A Cognitive Model of Reading

From letters on a page to words, meaning, and memory

Image by Gerd Altmann from Pixabay

When someone reads your writing, the most complex object in the universe is performing one of its most challenging tasks. If everything works, it’s effortless, creating very little cognitive load. Your readers don’t consciously move their eyes, decipher letters, or sound out words. Instead they inhabit a world you created — hearing voices, seeing visions, feeling sorrow and joy and awe.

But if the reading is difficult, their consciousness gets dragged back to the work of decoding the message. The pure flow from page to mind is broken.
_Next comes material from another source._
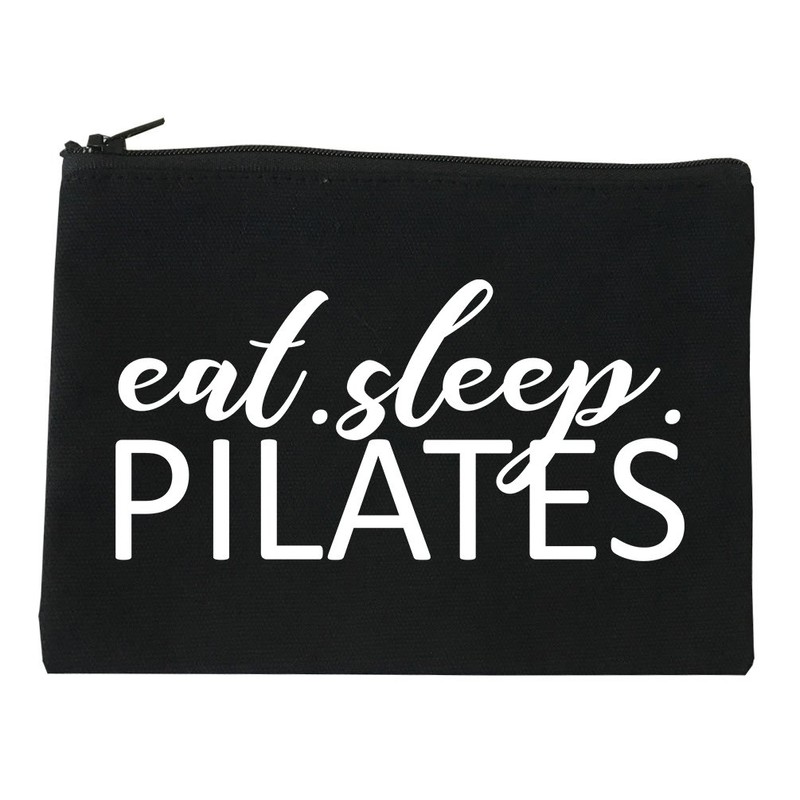 Eat Sleep Pilates Yoga Cosmetic Makeup Bag by Fashionisgreat. This makeup bag is made of cotton canvas available in 3 different sizes: SMALL (7 x 5 inches) | MEDIUM (9 x 5 inches) | LARGE (10 x 7 inches)

They’re no longer learning, or solving a problem, or hearing a story. They’re deciding that the subject is boring, or difficult, or that one of you is an idiot. They start skimming, or they close the book.

Knowing how that flow works — how the brain turns letters on a page into meaning, experience, and memory — can transform our writing. It gives powerful insight into most of the readability tips you’ve ever heard, things like use short sentences, use headings, chunk your lists, or tell stories.

In this article I’ll discuss:

• How you are turning these letters into a meaningful input stream in your head without thinking about each letter or word
• How you turn that stream into understanding and a lasting memory

Based on this cognitive science, I provide nine suggestions for increasing readability in the article A Deeper Readability.

How We Read

The reading brain turns letters into words, sentences, meaning, and ultimately a mental structure that cognitive scientists call a schema. We usually don’t remember the actual sentences, just the gist and some bits and pieces — the schema.

It’s not a single, linear procedure. In computing we’d call it massively parallel, with many independent processes solving parts of the problem and converging on a result.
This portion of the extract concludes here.